● Supplied material
★ ★ ★ ★ ★

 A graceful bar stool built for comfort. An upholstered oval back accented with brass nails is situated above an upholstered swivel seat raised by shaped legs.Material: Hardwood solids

★ ★ ★ ★ ★

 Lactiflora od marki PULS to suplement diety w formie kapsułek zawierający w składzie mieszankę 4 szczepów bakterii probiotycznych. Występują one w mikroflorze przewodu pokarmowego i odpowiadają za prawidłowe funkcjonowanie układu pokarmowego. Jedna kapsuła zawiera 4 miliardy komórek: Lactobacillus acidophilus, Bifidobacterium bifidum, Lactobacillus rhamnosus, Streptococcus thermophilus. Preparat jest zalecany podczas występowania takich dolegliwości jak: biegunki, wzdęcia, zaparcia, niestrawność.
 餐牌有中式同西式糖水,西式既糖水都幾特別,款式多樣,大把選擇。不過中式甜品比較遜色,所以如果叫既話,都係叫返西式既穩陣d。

★ ★ ★ ★ ★

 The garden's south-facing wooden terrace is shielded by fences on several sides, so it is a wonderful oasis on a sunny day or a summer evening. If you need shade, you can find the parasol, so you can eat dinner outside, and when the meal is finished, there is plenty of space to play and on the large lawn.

★ ★ ★ ★ ★

Print, without alteration, only the lines above between the one holding "Lactiflora od marki" and the one holding "餐牌有中式同西式糖水,西式既", inclusive.

 Lactiflora od marki PULS to suplement diety w formie kapsułek zawierający w składzie mieszankę 4 szczepów bakterii probiotycznych. Występują one w mikroflorze przewodu pokarmowego i odpowiadają za prawidłowe funkcjonowanie układu pokarmowego. Jedna kapsuła zawiera 4 miliardy komórek: Lactobacillus acidophilus, Bifidobacterium bifidum, Lactobacillus rhamnosus, Streptococcus thermophilus. Preparat jest zalecany podczas występowania takich dolegliwości jak: biegunki, wzdęcia, zaparcia, niestrawność.
 餐牌有中式同西式糖水,西式既糖水都幾特別,款式多樣,大把選擇。不過中式甜品比較遜色,所以如果叫既話,都係叫返西式既穩陣d。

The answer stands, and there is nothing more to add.